*INSTRUCTIONS TO FOLLOW*
Reproduce word for word the lines from the beginning of the entries to the line with "昨年度の学習の復習もかねて、", both included, but none of the pictures.

*INFORMATION*

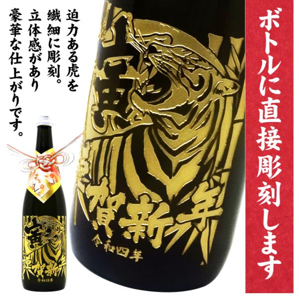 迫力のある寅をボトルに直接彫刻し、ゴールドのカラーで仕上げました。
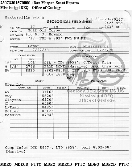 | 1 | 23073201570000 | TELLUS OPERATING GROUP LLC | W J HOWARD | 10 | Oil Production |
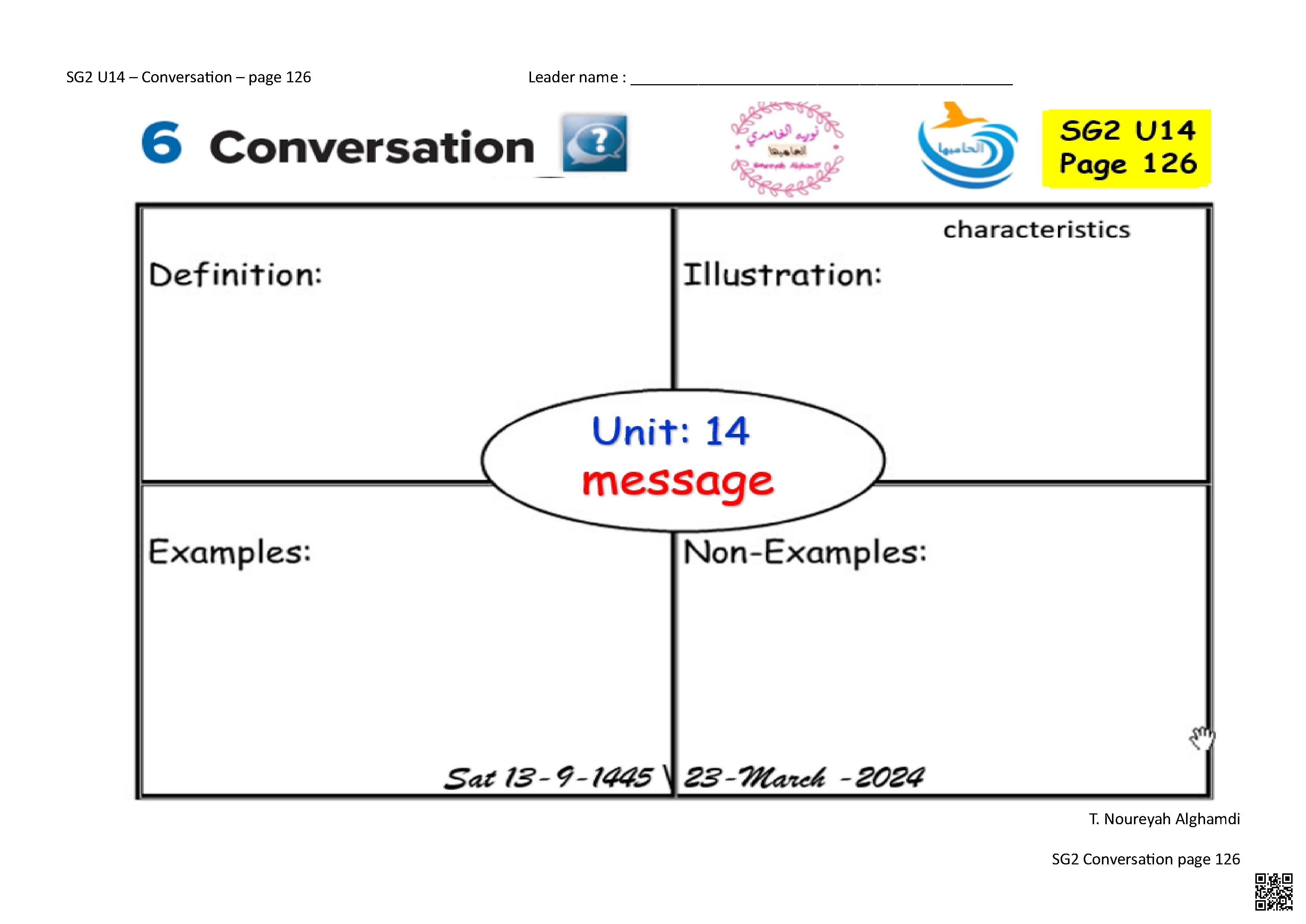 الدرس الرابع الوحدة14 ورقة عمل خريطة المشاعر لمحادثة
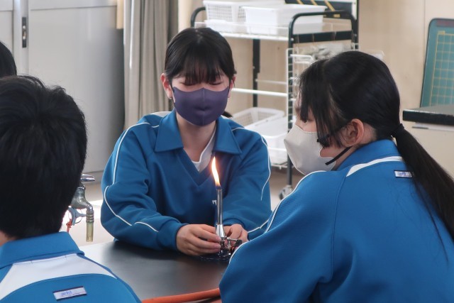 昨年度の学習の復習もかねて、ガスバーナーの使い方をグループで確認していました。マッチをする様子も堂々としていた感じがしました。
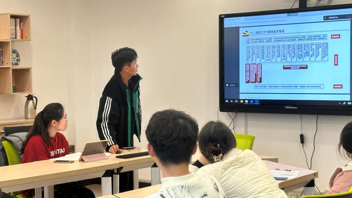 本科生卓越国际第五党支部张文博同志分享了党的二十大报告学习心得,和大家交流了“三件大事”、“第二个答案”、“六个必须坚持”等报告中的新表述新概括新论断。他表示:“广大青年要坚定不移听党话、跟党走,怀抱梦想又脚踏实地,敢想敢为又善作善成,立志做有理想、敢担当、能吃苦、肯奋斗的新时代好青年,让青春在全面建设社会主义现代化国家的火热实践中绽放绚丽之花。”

*YOUR SOLUTION*
 迫力のある寅をボトルに直接彫刻し、ゴールドのカラーで仕上げました。
 | 1 | 23073201570000 | TELLUS OPERATING GROUP LLC | W J HOWARD | 10 | Oil Production |
 الدرس الرابع الوحدة14 ورقة عمل خريطة المشاعر لمحادثة
 昨年度の学習の復習もかねて、ガスバーナーの使い方をグループで確認していました。マッチをする様子も堂々としていた感じがしました。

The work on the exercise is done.